### WHAT THE EXERCISE ASKS
Each record that comes next should be output exactly; pictures do not belong in the copy.
BEGIN SOURCE RECORDS
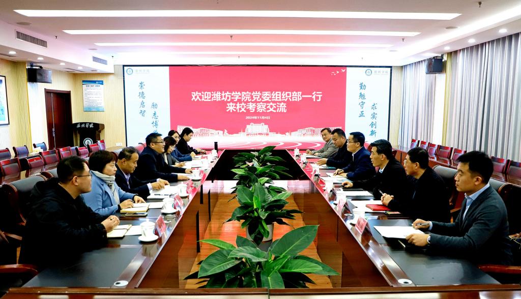 11月4日下午,潍坊学院党委委员、组织部部长赵加强一行来校考察交流,校党委副书记张存峰,党委委员、副校长单振涛会见赵加强一行,党委委员、组织部部长杨斌参加考察交流。
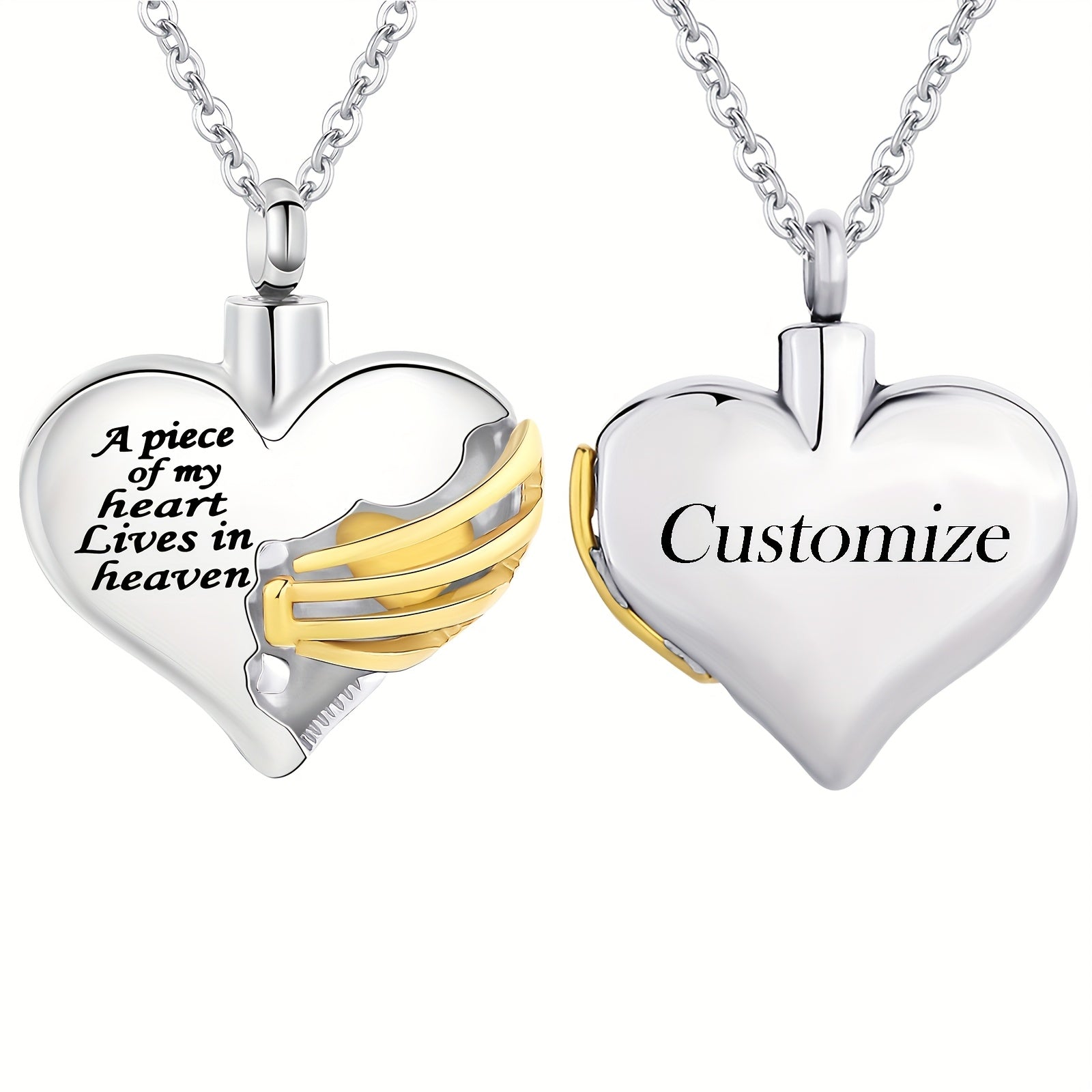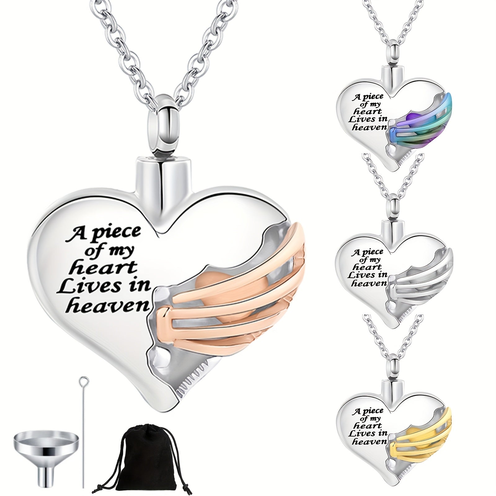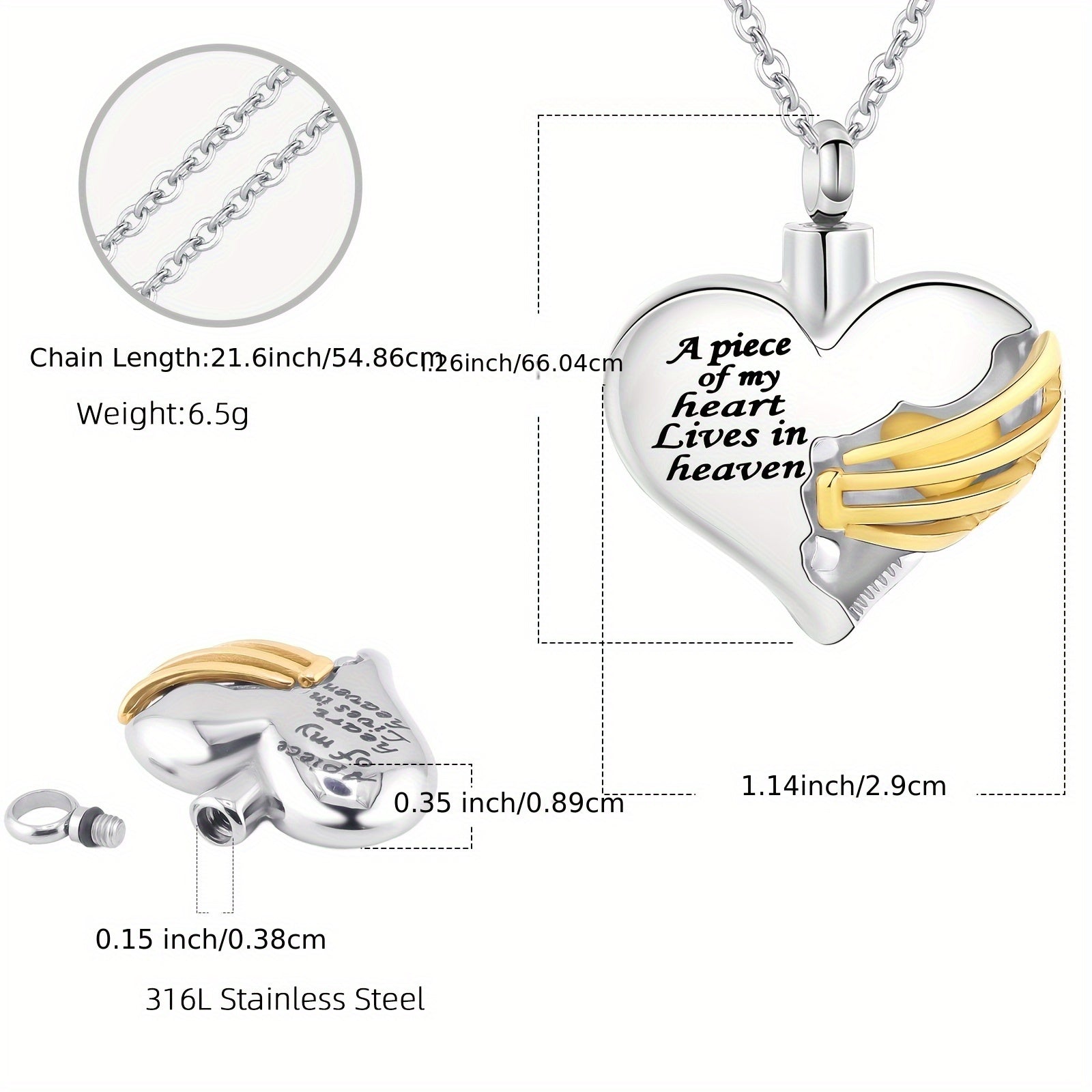 Keep your loved one close with this stainless steel heart pendant urn necklace. The pendant holds a small amount of ashes or a lock of hair.
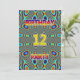 An eye catching psychedelic 12th birthday party invitation. Colourful and bright, this is a birthday party invitation that will be noticed. Add your party details on the back to personalise this special card.
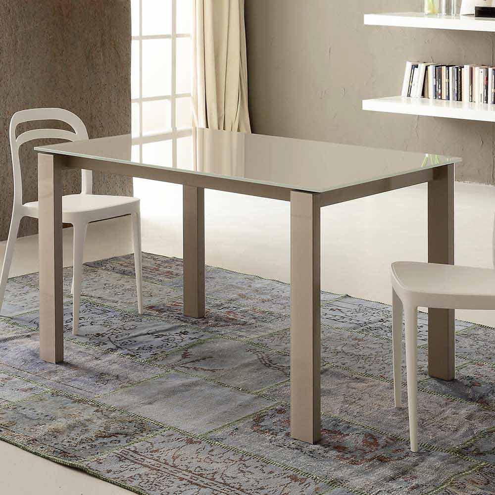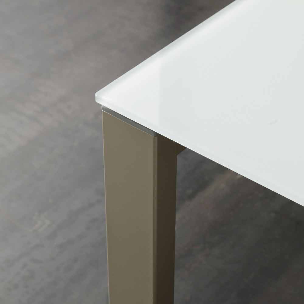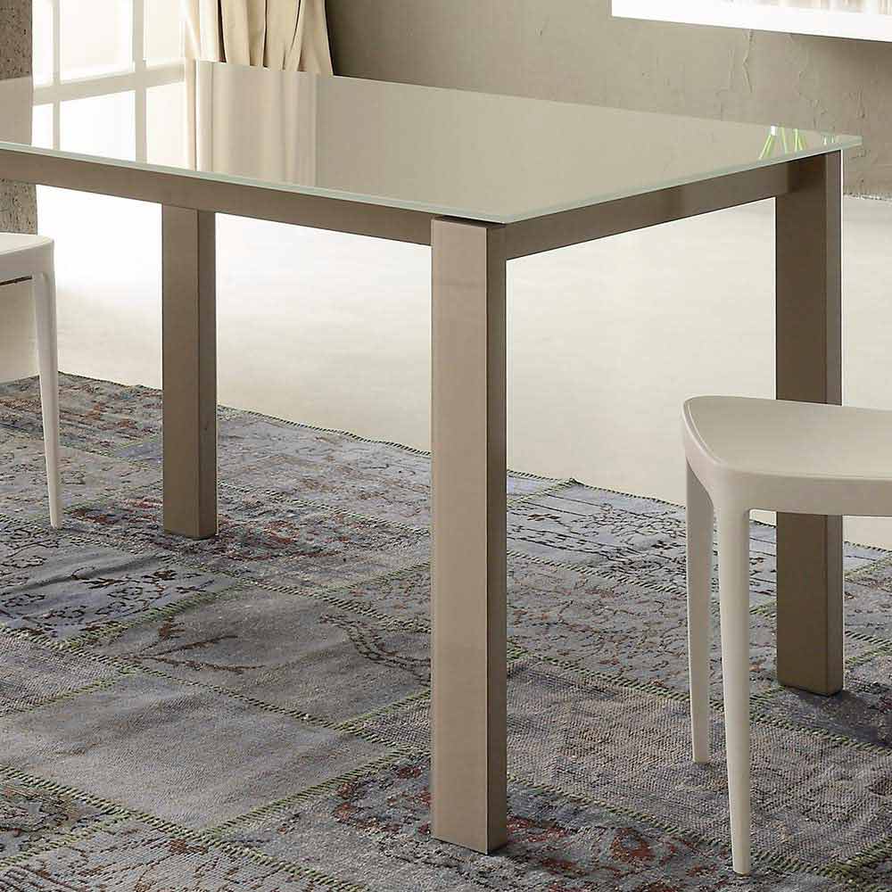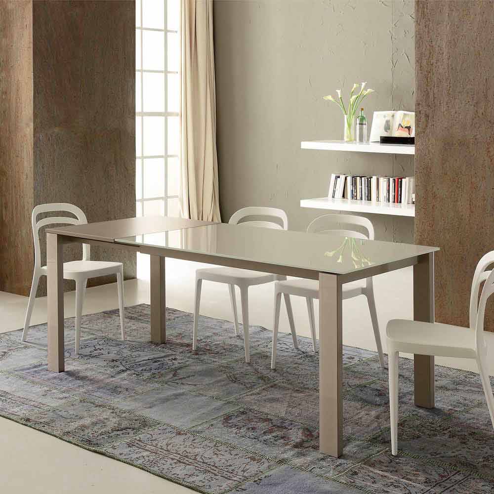 Mesa de comedor fabricada en Italia con tapa de cristal (10 mm de espesor), extensión de melamina acabado cáñamo y base de metal pintado acabado champán.
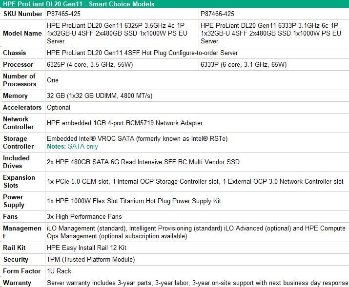 HPE PL DL20 gen11 6333P (3.1G/6C12T) 1x32G 4SFF 2x480GB VROC 1x1000W 4x1G NBD333 Smart Choice.
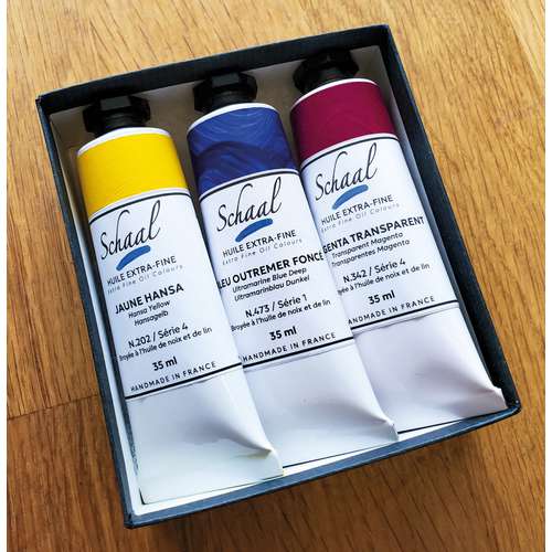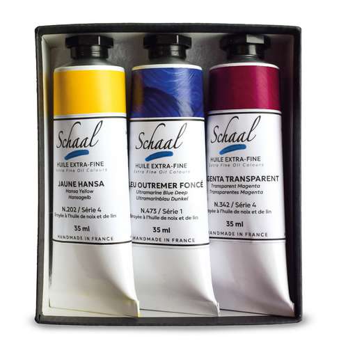 Schaal extrafeine Ölfarbe im 3er-Set: Hochwertige, handgemachte Künstlerfarben mit intensiver Leuchtkraft in den Tönen Hansa-Gelb, Ultramarinblau und Transparent-Magenta.
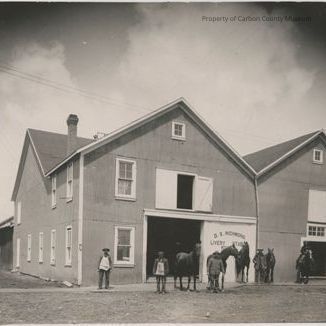Black & white print on grey mat. Image of a large, wood, two story livery stable. Lower level photo center has a large sliding door that is open, another double door left, opening is above & photo right door is open. Building has three peaked roofs with a small window in two eaves on front. Lower level on photo right has a large open door with a paned window immediately above it & a loft door above that which is closed. Side of building has rectangular windows on both levels. Next to livery is a brick two story building. Behind livery is a dark wood structure. Standing in front are four men, one holding reins of two horses & one holding reins of two more horses. Then a man on horseback in front of open door on photo right. A boardwalk way in front of livery and toward photo left. Painted on large sliding door: "D. D. Richmond Livery Stable"
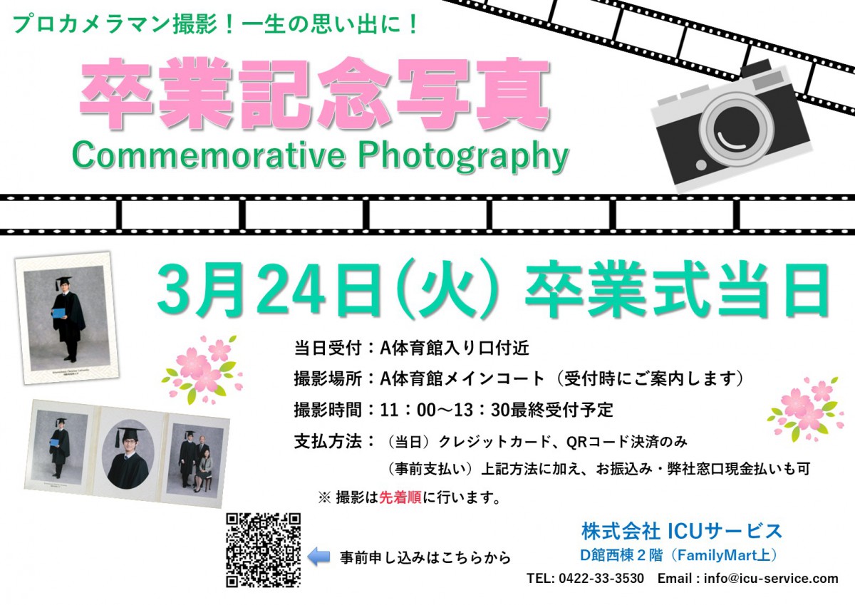 詳しくは 卒業写真のページをごらんください。https://www.icu-service.com/services/professional-photography/
END SOURCE RECORDS
### EXERCISE SOLUTION
 11月4日下午,潍坊学院党委委员、组织部部长赵加强一行来校考察交流,校党委副书记张存峰,党委委员、副校长单振涛会见赵加强一行,党委委员、组织部部长杨斌参加考察交流。
 Keep your loved one close with this stainless steel heart pendant urn necklace. The pendant holds a small amount of ashes or a lock of hair.
 An eye catching psychedelic 12th birthday party invitation. Colourful and bright, this is a birthday party invitation that will be noticed. Add your party details on the back to personalise this special card.
 Mesa de comedor fabricada en Italia con tapa de cristal (10 mm de espesor), extensión de melamina acabado cáñamo y base de metal pintado acabado champán.
 HPE PL DL20 gen11 6333P (3.1G/6C12T) 1x32G 4SFF 2x480GB VROC 1x1000W 4x1G NBD333 Smart Choice.
 Schaal extrafeine Ölfarbe im 3er-Set: Hochwertige, handgemachte Künstlerfarben mit intensiver Leuchtkraft in den Tönen Hansa-Gelb, Ultramarinblau und Transparent-Magenta.
Black & white print on grey mat. Image of a large, wood, two story livery stable. Lower level photo center has a large sliding door that is open, another double door left, opening is above & photo right door is open. Building has three peaked roofs with a small window in two eaves on front. Lower level on photo right has a large open door with a paned window immediately above it & a loft door above that which is closed. Side of building has rectangular windows on both levels. Next to livery is a brick two story building. Behind livery is a dark wood structure. Standing in front are four men, one holding reins of two horses & one holding reins of two more horses. Then a man on horseback in front of open door on photo right. A boardwalk way in front of livery and toward photo left. Painted on large sliding door: "D. D. Richmond Livery Stable"
 詳しくは 卒業写真のページをごらんください。https://www.icu-service.com/services/professional-photography/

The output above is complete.